Our dataset consists of a total of 1,407 units: 1,139 units from M1 recorded in 54 sessions and 268 units from M2 recorded in 5 sessions. We excluded 507 units from the analysis that failed to meet the following criteria: (1) a minimum mean firing of 2 spikes s−1 during stimulus presentation epochs in each of the four quartiles of the session; and (2) a minimum of 0 %VE of the full model during both retinal input-controlled and -uncontrolled epochs. Among the remaining 900 units, 653 units were from M1 (V1 (269), V2 (143) and V3/V3A (198)) and 247 units from M2 (V1 (24), V2 (108) and V3/V3A (114)). Results were qualitatively similar when the minimum firing rate criterion was relaxed to include 1,343 units in the model (Extended Data Fig. 9). For the model-free analysis in Fig. 3 and Extended Data Fig. 7, we used only the first criterion, avoiding subselection of units based on model fits. We did not assign visual areas to 44 units recorded in 3 sessions from M1 and 1 session from M2, in which the receptive location and size were not consistent with the overall topography of the offline RF map, to unambiguously assign the recording sites, but included them when data were combined across areas.

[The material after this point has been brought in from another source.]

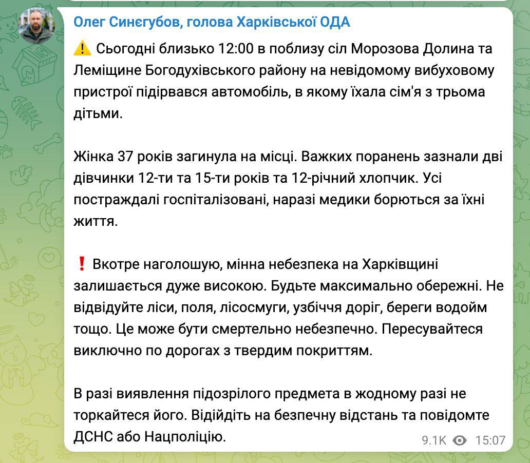 "Сегодня около 12:00 вблизи деревень Морозова Долина и Лемищино Богодуховского района на неизвестном взрывном устройстве взорвался автомобиль, в котором ехала семья с тремя детьми. Женщина 37 лет скончалась на месте. Тяжелые ранения получили две девочки 12 и 15 лет и 12-летний мальчик. Все пострадавшие госпитализированы, медики борются за их жизнь", - сказано в посте.
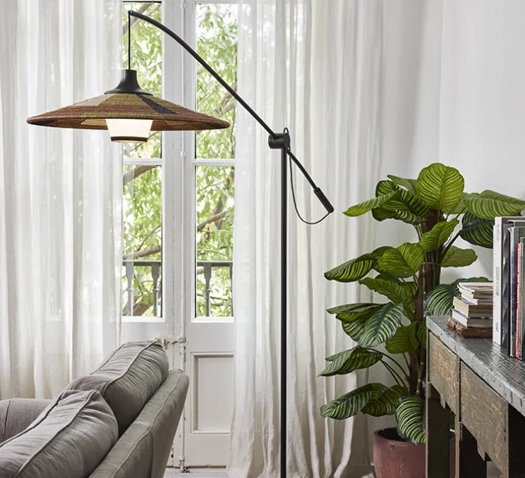 Parrot se compose d’un corps en métal noir et d’un abat-jour déporté tissé de fil d’abaca. Prenant ses inspirations dans l’art ancestral qu’est la vannerie et dans des camaïeux issus de paysages, la lampe à poser Parrot se place dans chaque intérieur, dans une entrée, une chambre ou un salon.

Statistics and reproducibility

Sample size of the main dataset was 900 units across visual areas V1, V2 and V3/V3A from two adult male rhesus macaques (M. mulatta). Use of data from two rhesus monkeys is typical for comparable neurophysiological studies in macaques. No statistical method was used to predetermine sample size, but the number of units are comparable to recent neurophysiological studies in macaques62. Data exclusions are clarified in Dataset. The experiments were not randomized because all comparisons were made within subject across conditions, that is, each subject was its own control. The investigators were not blinded because blinding was not relevant as no group allocation was done in our study.

To avoid the assumption that the data were normally distributed, we used nonparametric permutation tests71 to test for group-level significance of individual measures, unless otherwise specified. This was done by randomly switching the condition labels of individual observations between the two paired sets of values in each permutation. After repeating this procedure 10,000×, we computed the difference between the two group means on each permutation and obtained the P value as the fraction of permutations whose absolute values exceeded the observed absolute difference between the means. All P values reported were computed using two-sided tests unless otherwise specified.

Reporting summary

Further information on research design is available in the Nature Portfolio Reporting Summary linked to this article.